You have to look more in architecture of making such environment.
First of all, if you will write sockets management by yourself, then don't use Thread per Client Socket. Use Asynchronous methods for receiving and sending data.
WebSockets might be too heavy if your messages are small. Because it implements framing, which has to be applied to each message for each socket individually (caching can be used for different versions of WebSockets protocols), that makes them slower to process both directions: for receive and for send, especially because of data masking.
It is possible to create millions of sockets, but only most advanced technologies are capable to do so. Erlang is able to handle millions connections, and is pretty scalable.
If you would like to have millions of connections using other higher level technologies, then you need to think about clustering of what you are trying to accomplish.

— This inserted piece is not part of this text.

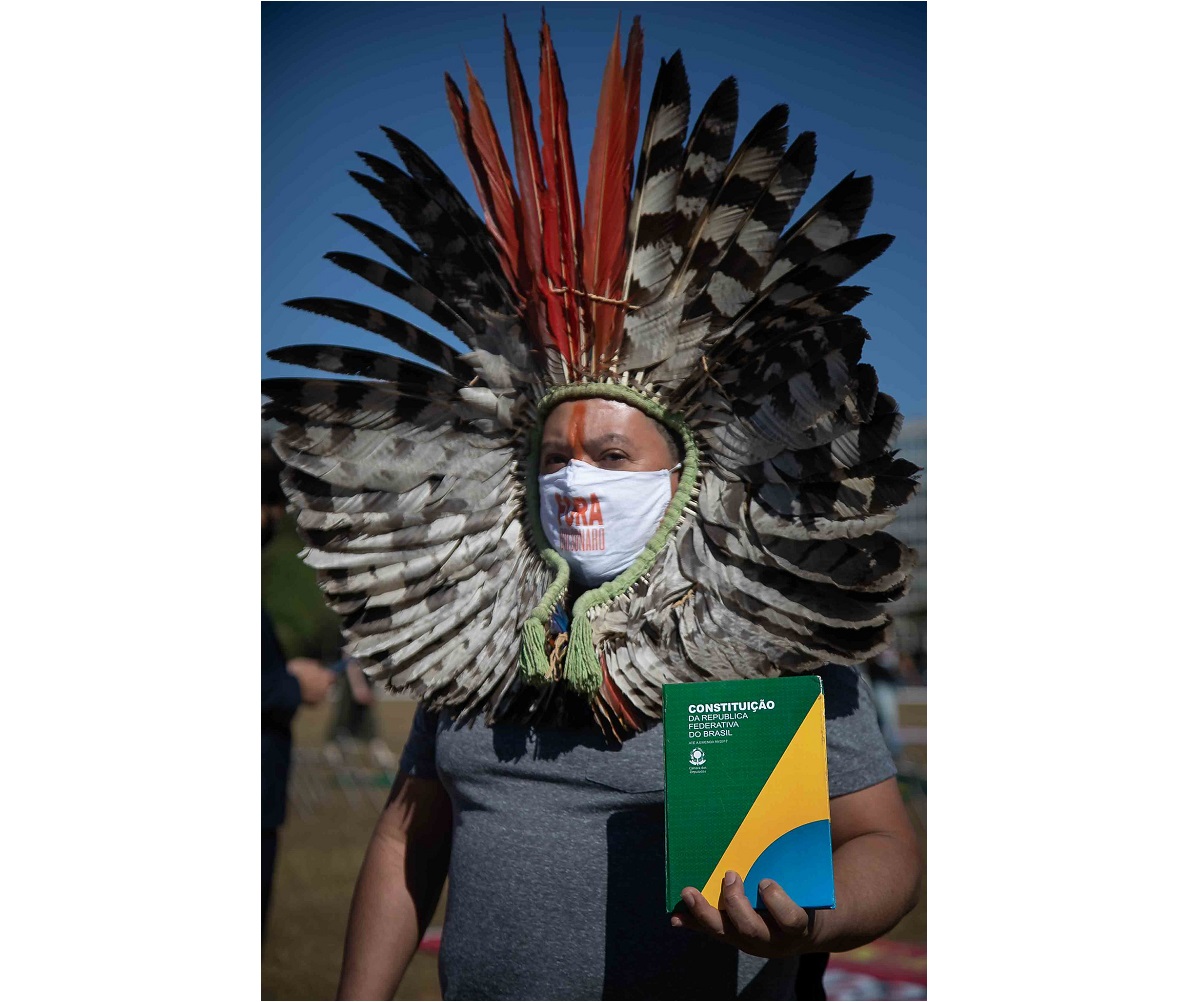 7月14日、ブラジリア、国会議事堂前。ボウソナーロ大統領の弾劾要求の提出に合わせて行われたデモ参加した先住民。手中にはブラジル連邦共和国憲法。マスクには「ボウソナーロ大統領は退陣せよ」のメッセージ(写真/Gabriel Paiva)

For example using gateway server that will keep track of all processing servers. And have data of them (IP, ports, load (if it will be one internal network, firewalling and port forwarding might be handy here).
Client software connects to that gateway server, gateway server checks the least loaded server and sends ip and port to client. Client creates connection directly to working server using provided address.
That way you will have gateway which as well can handle authorization, and wont hold connections for long, so one of them might be enough. And many workers that are doing publishing of data and keeping connections.
This is very related to your needs, and might not be suitable for your solutions.